Indeed, there is a back-and-forth relationship in the U.S. capital between government and 'think
tanks.' Just as a new administration draws from the ranks of researchers, those organizations also
take in those who carried out policy for the last president.
Former U.S. Ambassador to the United Nations John Bolton has seen both sides of that street.
After holding positions in the administrations of Presidents Ronald Reagan and George H.W. Bush
in the 1980s and early 1990s, he went to the research organization American Enterprise Institute as
a Senior Vice President. When George W. Bush took office in 2001, Bolton came back to
government as Undersecretary of State, and then as an ambassador. At the end of the Bush
administration, he went back to AEI as a Senior Fellow.
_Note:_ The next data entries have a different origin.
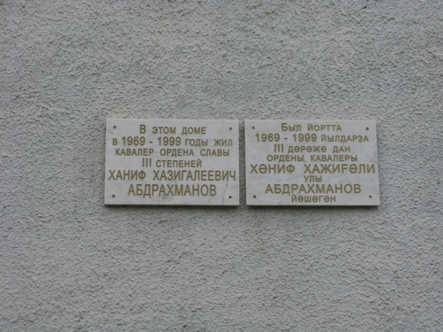 В городе Уфе, на фасаде дома № 84 по улице Цюрупы, где жил полный кавалер ордена Славы Х.Х. Абдрахманов, установлена мемориальная доска.
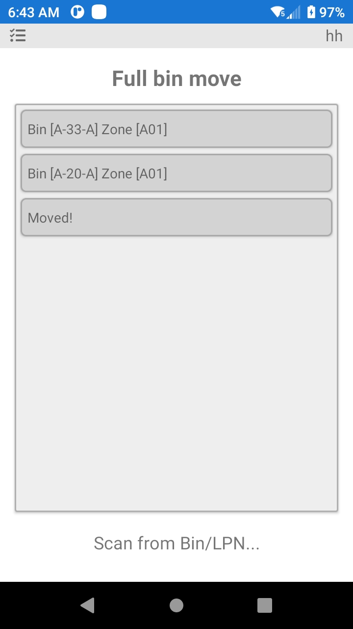 El sistema de almacén P4 muestra ahora que todos los productos de la ubicación A-33-A se han trasladado a la ubicación A-20-A.
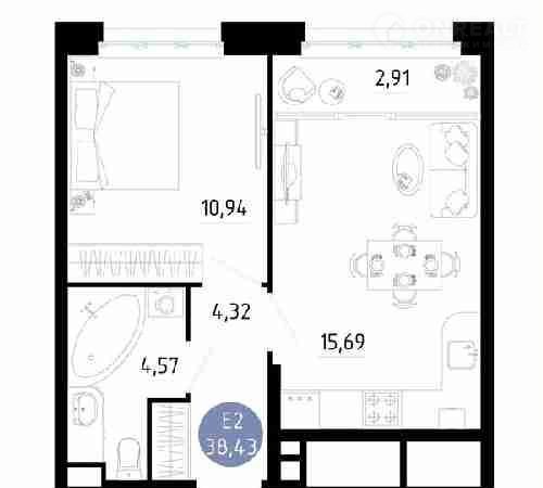 Общая площадь 38.4 м2
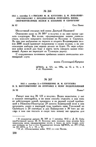 1812 г. сентября 3. — Сообщение М.И. Кутузова П.X. Витгенштейну об отправке к нему подкреплений. Панки
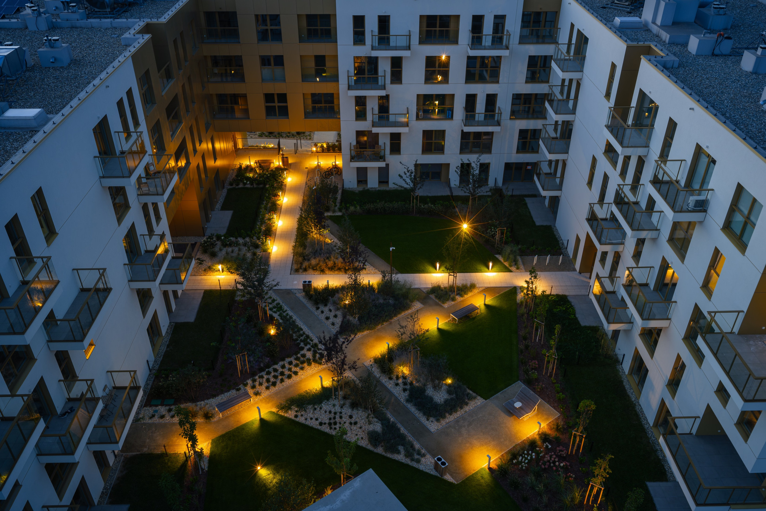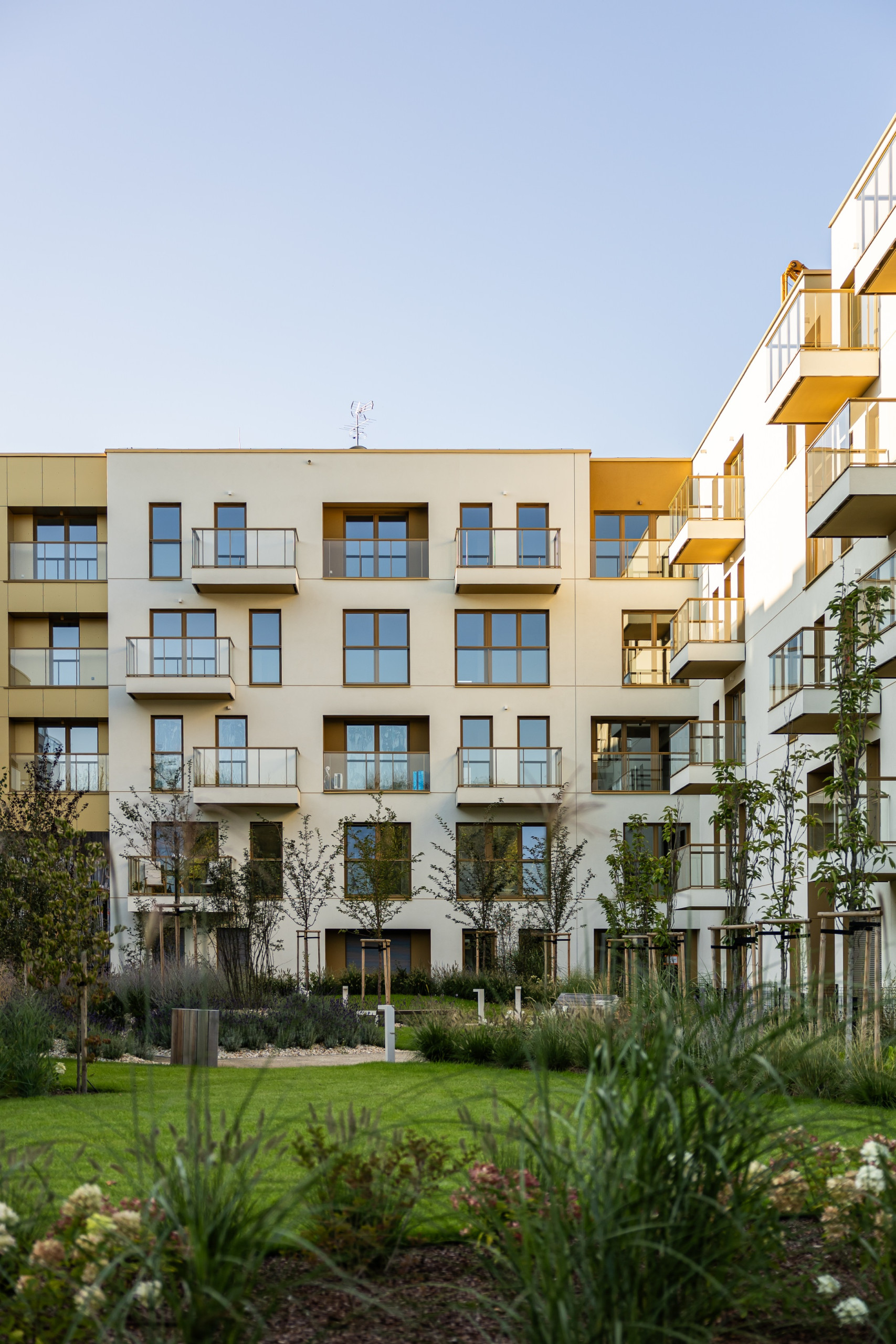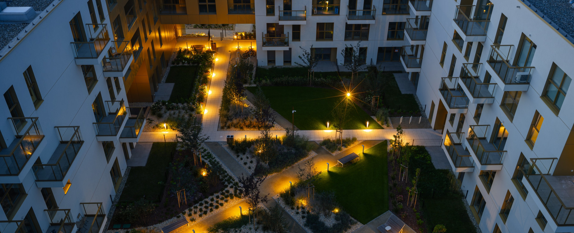 Pierwszy etap inwestycji obejmuje 114 mieszkań o zróżnicowanych układach i metrażach — od 25 do 102 mkw. Budynki będą posiadały układ kaskadowy — od 5 kondygnacji naziemnych z miejscowymi obniżeniami do 4 kondygnacji. Dla mieszkańców osiedla zaprojektowano podziemną halę garażową.
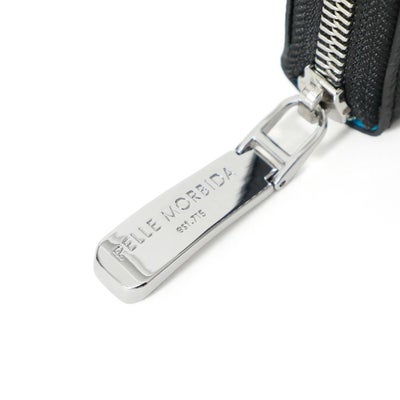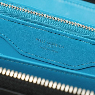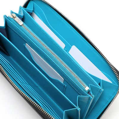 • ラウンドジップウォレットの正面(ブラック×サックス)
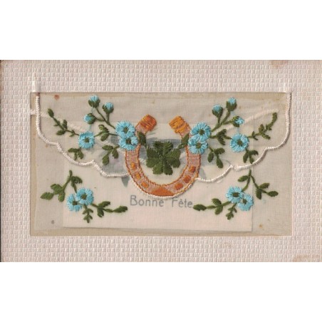 CARTE BRODEE - BONNE FETE - BRODERIE EN FORME D'ENVELOPPE - CARTE NON UTILISEE.
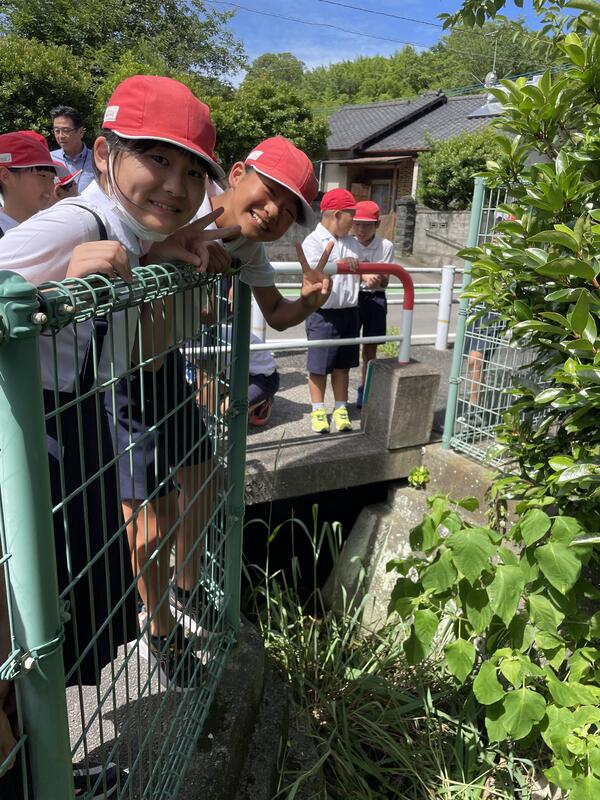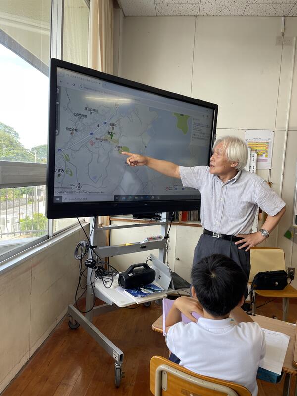 (講師の山川さん)(学校周辺の水環境を調べて回りました)
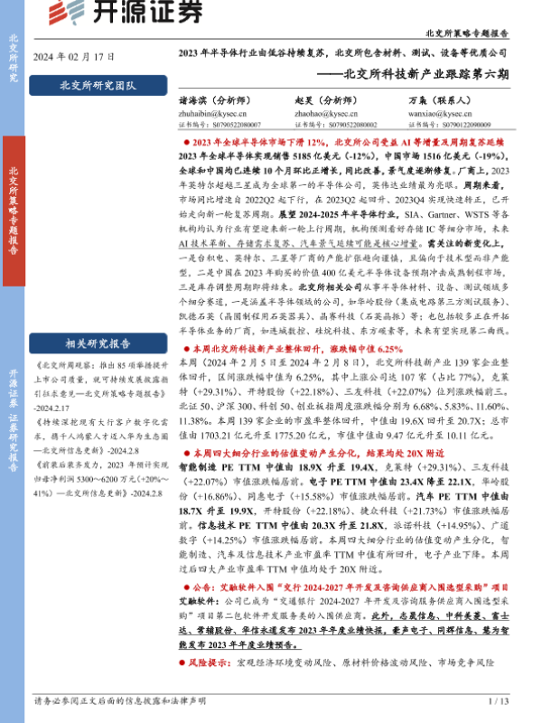 【开源证券】【20240217】北交所科技新产业跟踪第六期:2023年半导体行业由低谷持续复苏,北交所包含材料、测试、设备等优质公司-13页 行业研究
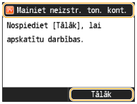 Ja neizstrādātā tonera konteiners ir jāmaina drukāšanas laikā, atlikušās izdrukas tiek izgatavotas tūlīt pēc tam, kad ir uzstādīts jauns neizstrādātā tonera konteiners.
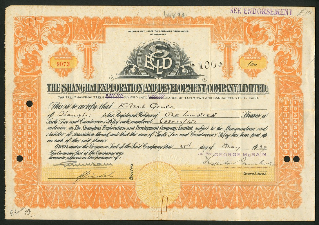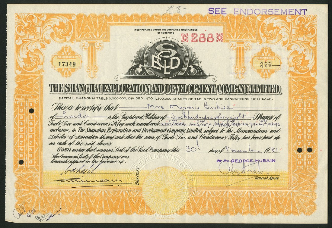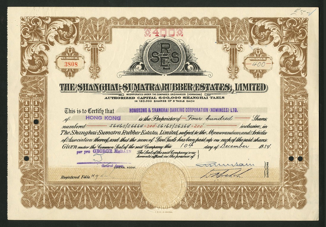 Shanghai Companies in Malaya: a group comprising Shanghai Kelantan Rubber Estates (1925) Ltd., 10 cent shares, 19[40], no.A3489; Shanghai-Sumatra Rubber Estates Ltd., 5 tael shares, 19[54], no.3808, and Shanghai Exploration and Development Co. Ltd., 2 tael 50 candareen shares, 19[39] and 19[51], the first with verprinted capital, about very fine and better. (4)
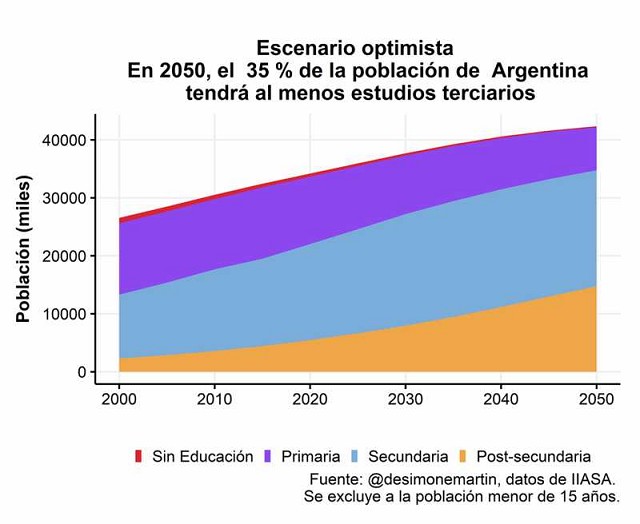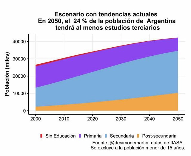 Si tomamos las proyecciones del IIASA, vemos que, si se mantienen las tendencias actuales, en 2050 solo el 24% de la población mayor de 15 años de Argentina tendrá estudios terciarios[3]. El 58% tendrá estudios secundarios, el 18% tendrá estudios primarios y casi nadie no habrá accedido a ningún nivel de educación.
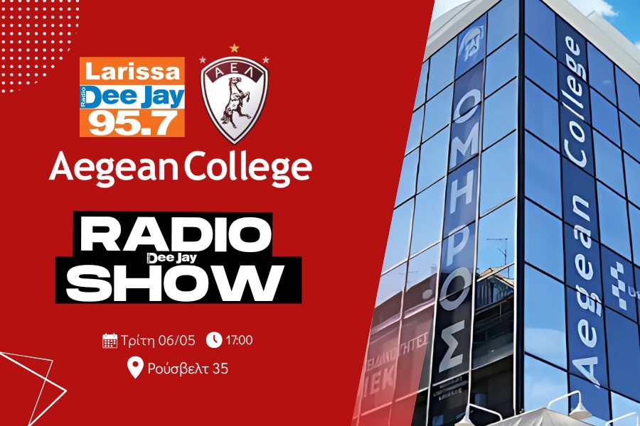 Την Τρίτη 6 Μαΐου στις 17:00 ο 95.7 Larissa Deejay θα βρίσκετε στο Aegean College (Ρούσβελτ 35) παίζοντας όλες τις επιτυχίες, εκεί θα βρίσκεται και η αγαπημένη ποδοσφαιρική ομάδα της ΑΕΛ που έκανε την Θεσσαλία περήφανη για να γιορτάσουμε όλοι μαζί την άνοδό της στην Super League 1
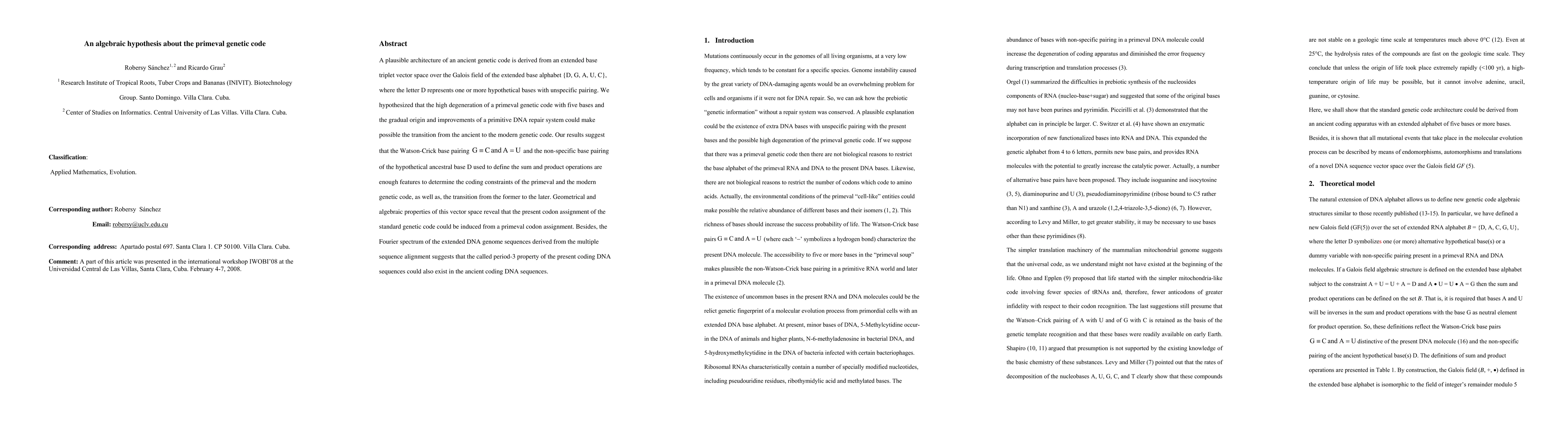 This research proposes an algebraic model of a primeval genetic code using a five-base system, including a hypothetical base D. It suggests that the transition from ancient to modern genetic code could be explained by degeneration and primitive repair system improvements. The study indicates that geometrical and algebraic properties of this vector space could induce present codon assignments, and the period-3 property of coding DNA sequences might have existed in ancient sequences too.
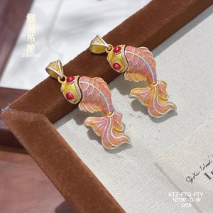 足银9999描金珐琅彩鲤鱼吊坠女高级感轻奢国潮风纯银锁骨挂坠批发

Similarly, former Secretary of State Henry Kissinger is with another Washington research
organization, the Center for Strategic and International Studies.
Also at CSIS is former Ambassador to the U.N. and to Afghanistan, Zalmay Khalilzad. Similar
examples can be found in other Washington 'think tanks.'
Ambassador Bolton says this is a normal -- and logical -- aspect of the Washington policy process.
"For people like myself who have the luxury of coming back to a research institute, it is a way to
'recharge our batteries' intellectually," Bolton said. "It is a way to think about policy without
having the day-to-day responsibility of making it, or recommending it, or discussing it in the
governmental context. And, I think [that] from the point of view of the overall effectiveness of the
American government, that is a very, very important contribution that the 'think tanks' make."
At The Center for American Progress, Chief Operating Officer Neera Tanden says being out of
power actually caused her research organization to be created.
"Under First Lady Hillary Rodham Clinton, I was one of her domestic policy advisors. And, when
she decided to run for the Senate [in 2000], I worked for her then," explained Tanden. "But then,
when we came out of power [with the election of Republican George W. Bush], we recognized -Hillary recognized, [former White House Chief of Staff] John Podesta recognized, [and now
former] President Clinton recognized there was no organization that worked across issues to try
and move the debate over the long term in a more progressive direction. That is one of the reasons
why I, along with John Podesta, started the Center for American Progress."
While many Washington research organizations have a number of people who served in previous
presidential administrations, Jeffrey Hiday says the so-called "revolving door" is smaller, and

slower, at the RAND Corporation.


"In the last change of [presidential] administration [Bush - Obama], we may have lost a half dozen
researchers to the Obama administration. We may have picked up a handful [of people] from the
[George W.] Bush administration. But, bear in mind, we have close to 900 researchers. We are a
quite large organization," Hiday said.
Creating and carrying out policy is a core function of government. The policy process is
complicated, requiring highly experienced people who know in detail what needs to be in place.
And, because of that, research organizations -- 'think tanks' -- have been, and will be ... an
important, even essential, part of that endeavor.